By Céline Filion
Panhandlers across Ottawa are unionizing to fight for the moral and legal right to ask for spare change, says union organizer Andrew Nell.
The panhandlers union, which began recruiting members one month ago, is aimed at improving the working conditions of panhandlers, people who ask for money from passerby on the street. They will work to stop what the union’s initiator Jane Scharf calls, “a persecution of panning.”
“We want to reduce the vulnerability of panhandlers to businesses and police,” says Scharf, “and bring changes at the street level where the results will be seen.”
The panhandlers union was initiated in direct response to a homeless strike that led to a tent campout at Ottawa City Hall in July 2004.
While the outcome of the strike was a City task force on homelessness, organizers of the union feel the taskforce is inefficient and panhandlers need immediate help.
“It is virtually useless,” says Nell of the taskforce. “They need direct aid and not a committee who simply talks. We’re taking action and reaching out.”
The Ottawa Panhandlers Union is affiliated with the Industrial Workers of the World, also termed the Wobblies, a parent union that works to unionize all trades and all workers in a strong solidarity.

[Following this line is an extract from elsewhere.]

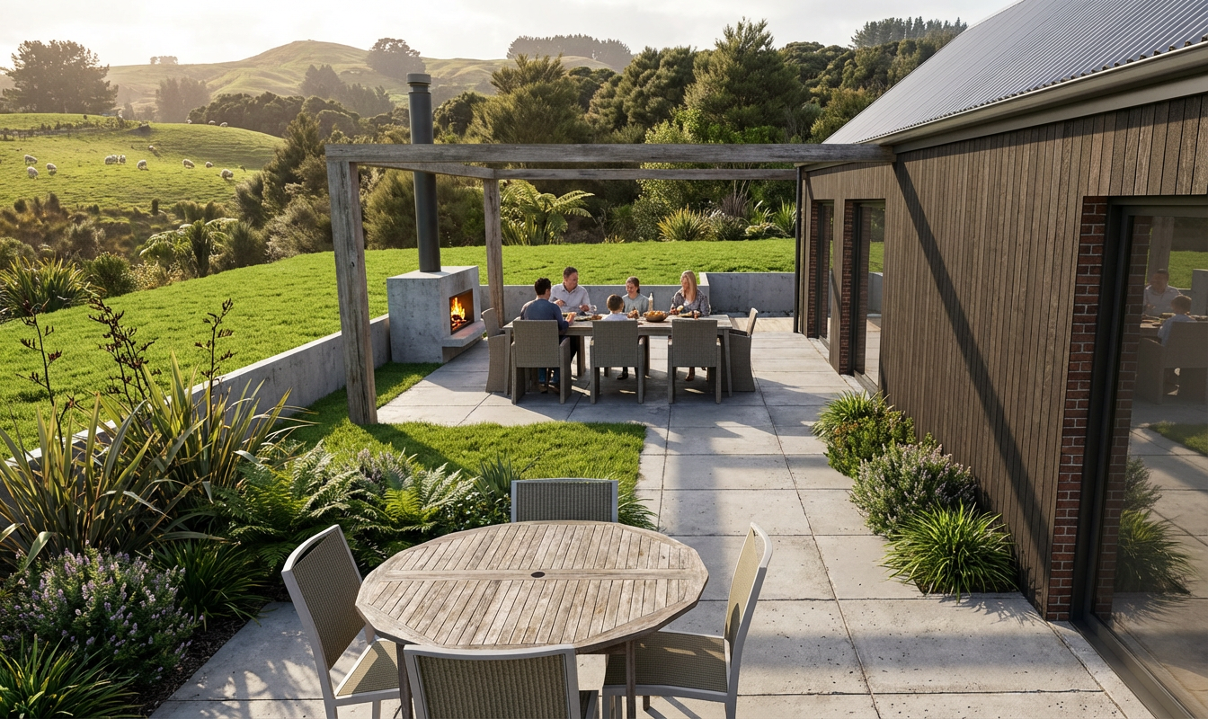 a craftsman style residential home south facing front elevation photorealistic exterior rendering golden hour natural lighting two story structure with a steeply pitched gable roof 12 3 pitch at upper dormer 12 11 pitch at main roof clad in horizontal nickel gap shiplap wood siding painted gable ends and dormer faces feature vertical tongue and groove wood siding stained natural wood tone composite rake boards and fascia trim all painted white the right side of the house is set back three feet from the left side of the house with the front entrance and porch and the porch off the right side of the house is set back 19 feet a covered front porch spans the entire front left facade suspended by a low slope metal awning supported by exposed 1 2 steel rods anchored to the siding porch decking is stained 5 4x6 clear pressure treated wood boards entry is a set of double french doors centered on the facade wide front steps descend from the porch across the full width of the left facade down to grade level as well off the left of the porch towards the driveway a concrete walkway extends from the base of the front steps directly toward the camera leading the eye into the composition to the left of the home a concrete driveway runs alongside the house toward the rear a raised side deck extends to the right with stainless steel cable railing a painted 2x6 top rail and matching stained deck boards foundation is screened with painted horizontal 1x6 boards with gaps a parged cmu address marker sits at the front entry a parged cmu planter with a concrete cap anchors the far right corner planted with trailing succulents spilling over the edge half round gutters at all eave lines landscaping is southern california native and drought tolerant clusters of blue oat grass and mexican feather grass sway softly in the foreground interspersed with agave aloe echeveria rosettes and low spreading ice plant decomposed granite and smooth river rock mulch ground the planting beds a grass lawn anchors the front of the yard the concrete walkway is flanked by grass lawn the overall landscape feel is warm dry textural and california coastal sun bleached and effortlessly curated warm late afternoon sunlight long soft shadows rich golden tones inviting curb appeal

Nell, a co-ordinator of the parent union, says panhandlers have a right to pan, and people have a moral duty to accept it.

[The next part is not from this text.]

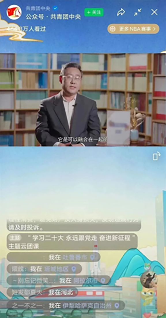 本次云团课将通过学者讲述、沉浸场景、互动交流等形式,从“非凡十年谱华章、思想之旗领航向、人间正道开新篇、初心砥砺天地间、团结奋斗正当时”五个篇章和特别篇“盛会归来话青年”共六个部分对党的二十大精神的重要意义和丰富内涵进行了全方位学习解读。
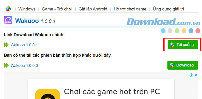 Bước 1: Nhấn vào nút Tải về Wakuoo ở phía dưới đây.

“There is something seriously wrong with society when it is wrong to stand on a street corner and ask for help,” says Nell. “We will fight for them and provide mutual support and aid. Unions are not just for raises and job security.”
The union will work to try and improve relations with police, picket stores who have panhandlers removed, and deal with the tickets acquired through the Safe Streets Act.

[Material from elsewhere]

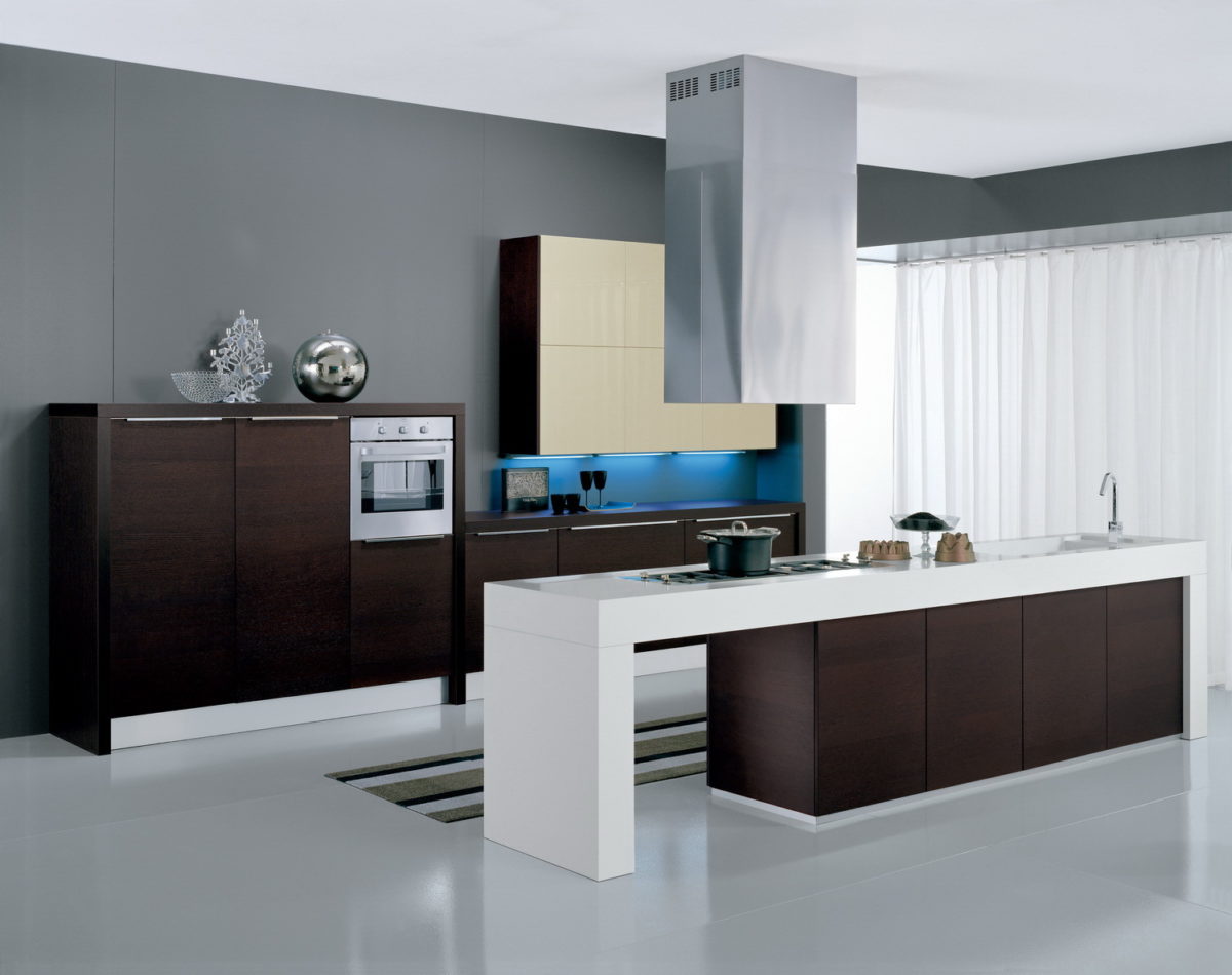 - Хай-тек – чаще всего эксклюзивный дизайн с технологичными новинками, футуристичными чертами или же простыми поверхностями с «космической» отделкой – глянцем, металлическим блеском, зеркальным перламутровым покрытием. Здесь как обеденная группа, так и сама рабочая зона может быть выполнена нестандартным образом, что само по себе формирует композицию и является средством зонирования, выделяя основные зоны в интерьере.

Adopted in 2004, the act prohibits people from asking for anything of value from a captive audience, such as people waiting at a bus stop, and bans the public disposal of certain dangerous items like broken glass and needles.
After a single afternoon of recruiting panhandlers, the union now has 20 members. But Sharf says that if they hadn’t run out of paperwork, the union would have signed many more people that day.
“I can easily guess that we have another 50 to 100 people waiting to sign on,” says Scharf.
The current members are all voluntary due-paying workers. The three-dollar monthly dues are purely optional, largely thanks to the funding provided by the Ottawa District Labour Council.
Sean McKenny, president of the council, says the organization’s mandate it to look after the best interests of working people and the community at large.
The funding for the panhandlers union ensures that even those who can’t afford to pay union dues can receive the help they need.
“What we envision,” says McKenny, “is that not only will individuals be left alone in respect to their panning on the streets, but we are confident that with the proper mechanisms and support they will not need to be on the streets at all.”
However, not all organizations and panhandlers are excited about the union or understand its purpose.
Peter Combly, an Ottawa panhandler, was at the corner of Bank and Gilmour last week asking people for any spare change jingling in their coats.
He doesn’t believe the union will make an impact on the streets.
While he hasn’t been approached to join the union, he says he wouldn’t be adding his name to the list.
“Well I don’t know what they’re trying to do or think is going to happen,” says Combly.
“The union isn’t going to change me asking people for money, so then what’s the point of it all?”
Whether or not the purpose of the union is apparent or its goals realistic, the union organizers can’t identify any reasons panhandlers should hesitate to join.
“It can only benefit them,” says Scharf.
“It doesn’t have to cost them anything and their rights can only grow stronger as a group.”